The obvious problem that jumps out at me is the mutation of HashMap with parallel streams.

One difficulty in implementing parallelism in applications that use collections is that collections are not thread-safe, which means that multiple threads cannot manipulate a collection without introducing thread interference or memory consistency errors. The Collections Framework provides synchronization wrappers, which add automatic synchronization to an arbitrary collection, making it thread-safe. However, synchronization introduces thread contention. You want to avoid thread contention because it prevents threads from running in parallel.
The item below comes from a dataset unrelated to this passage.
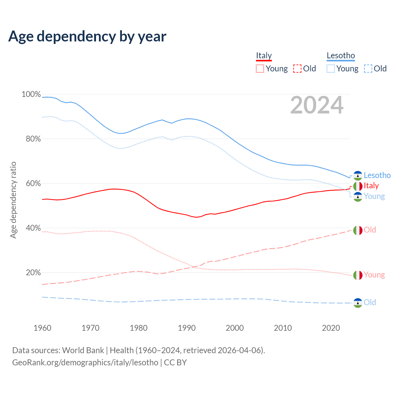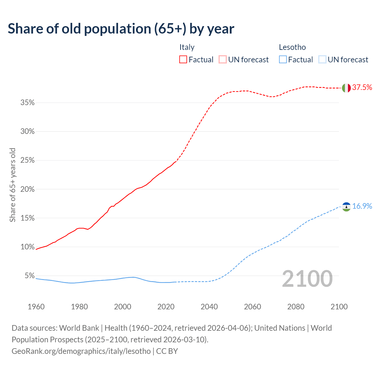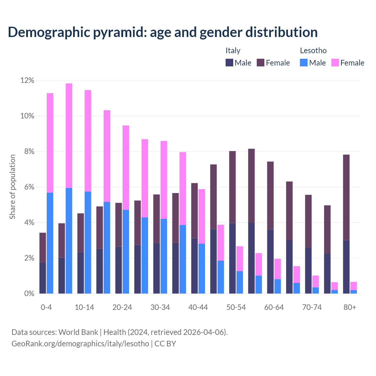 The share of older people aged 65 and over is 24.6% in Italy and 3.86% in Lesotho. Life expectancy in Italy compared to Lesotho .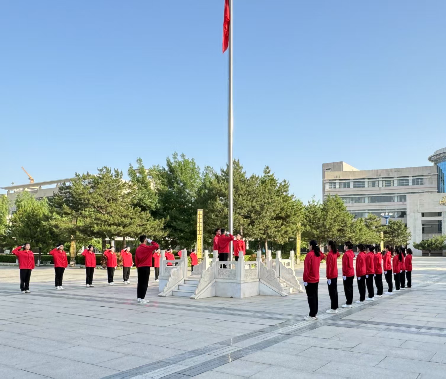 五月芳菲,绿意盎然。5月19日,外语系团总支在至善广场举行了“呵护心灵绿洲,共筑健康防线”主题升旗仪式。参加本次升旗仪式的有外语系党总支副书记、外语系团总支书记、专职辅导员、班主任及全体在校学生。

Aggregate operations and parallel streams enable you to implement parallelism with non-thread-safe collections provided that you do not modify the collection while you are operating on it.

Note that parallelism is not automatically faster than performing operations serially, although it can be if you have enough data and processor cores. While aggregate operations enable you to more easily implement parallelism, it is still your responsibility to determine if your application is suitable for parallelism.

So, you have a design decision to make on whether you still want parallelism, and if you do, you have a race condition to fix.

I find it odd that your distance metric involves rounding down the distance to an integer. You could use the square of the Euclidean distance as the comparison metric, thus sparing you the inefficiency of taking the square root and the loss of precision by rounding down.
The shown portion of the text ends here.